Ne yararı olur senin için dökülen kanımın,
Ölüm çukuruna inersem?
Toprak sana övgüler sunar mı,
Senin sadakatini ilan eder mi?
Bu tür bir yaklaşım bizim için fazla önemli olmayabilir. Aslında öğretiş açısından bu ifade büyük ölçüde eksik gibi görünmektedir. Ama Eski Antlaşma kutsallarına fazla yüklenmemeye özen göstermeliyiz. Onlar pek çok şeyi açıkça göremiyorlardı. Bu konuda mezmurda iki örnek verilmiştir.
5’inci ayette Davut, hastalığını Tanrı’nın öfkesinin bir belirtisi olarak yorumlar. Tanrı’nın terbiyesinin, öfkesinin değil, sevgisinin bir işareti olduğunu biliriz (İbr.12:6). Ancak bizler bile sık sık, hastalık ve sıkıntının Tanrı’nın hoşnutsuzluğunun işaretleri olduğu gibi yanlış bir düşünceye kapılırız.
9’uncu ayette Davut, ölen bir imanlının övgüsünün sona ereceğini söyler. Yeryüzündeyken övgü ve tanıklıktan söz etmek elbette doğrudur. Ama bizler, Yeni Antlaşma öğretişinden, bir imanlı öldüğünde bedeninin mezara, ruhunun ise Mesih’in yanına gittiğini biliriz (2Ko.5:8; Flp.1:23). İmanlı, Rab’bin huzurundadır ve yeryüzünde asla tapınamayacağı bir biçimde O’na tapınır. Eski Antlaşma kutsalları bunu bilemezlerdi. Mesih, Müjde aracılığıyla yaşamı ve ölümsüzlüğü ışığa çıkarmıştır (2Ti.1:10).

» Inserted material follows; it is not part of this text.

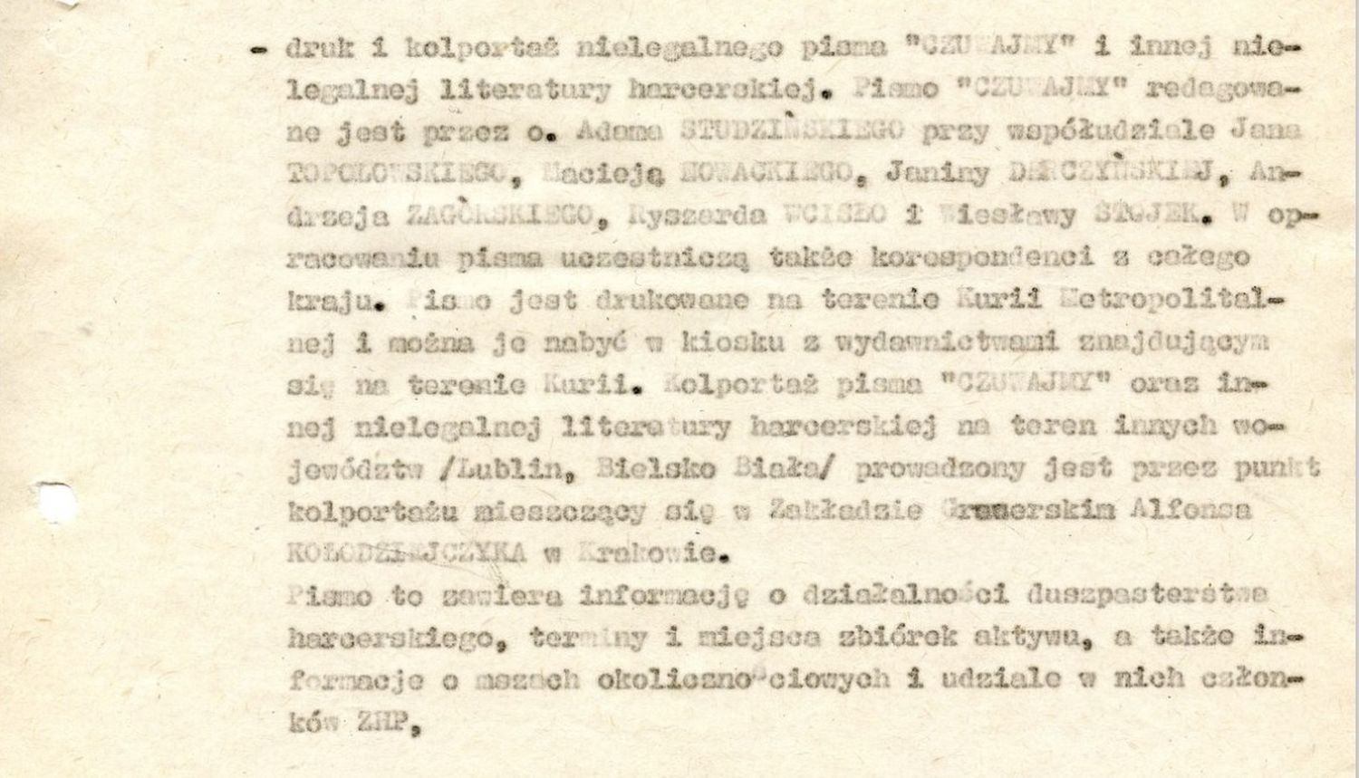 Bezpieka ponadto mylnie twierdziła, że druk odbywał się na terenie krakowskiej kurii. Z informacji, które uzyskałem od W. Hausnera wynika, że co najmniej do 1987 r. odbywał się on w zakonspirowanej formie w jednej z krakowskich oficjalnych drukarni. Wiedzę, gdzie dokładnie, posiadał jedynie redaktor naczelny, który z wiadomych przyczyn nie dzielił się nią z innymi osobami. Sądzę, że bezpieka przez pierwsze dwa, może trzy lata nie ustaliła faktycznego miejsca, w którym czasopismo powstawało.

Burada önemli olan şudur: Pek çok konuda bize göre daha sınırlı bilgileriyle, Eski Antlaşma kutsallarının çoğu, bizi iman, dua, gayret ve adanma konularında geçmiş gibidirler!
30:11 Şimdi Davut’a dönelim. 9 ve 10’uncu ayetler bize, hastalığın sancıları içindeyken Tanrı’ya ettiği duayı aktarır. Yanıtı ise 10 ve 11’inci ayetlerde buluruz; Rab tarafından iyileştirilir. Mezmurun son iki ayeti bu iyileşmeyi kutlar. Davut için aradaki fark, bir cenazenin yasıyla bir düğünün sevinci arasındaki farka benziyordu. Başka bir değişle, yeni bir takım elbise gibiydi. Tanrı, Davut’un çulunu çıkartmış ve onu sevinç giysileriyle donatmıştı.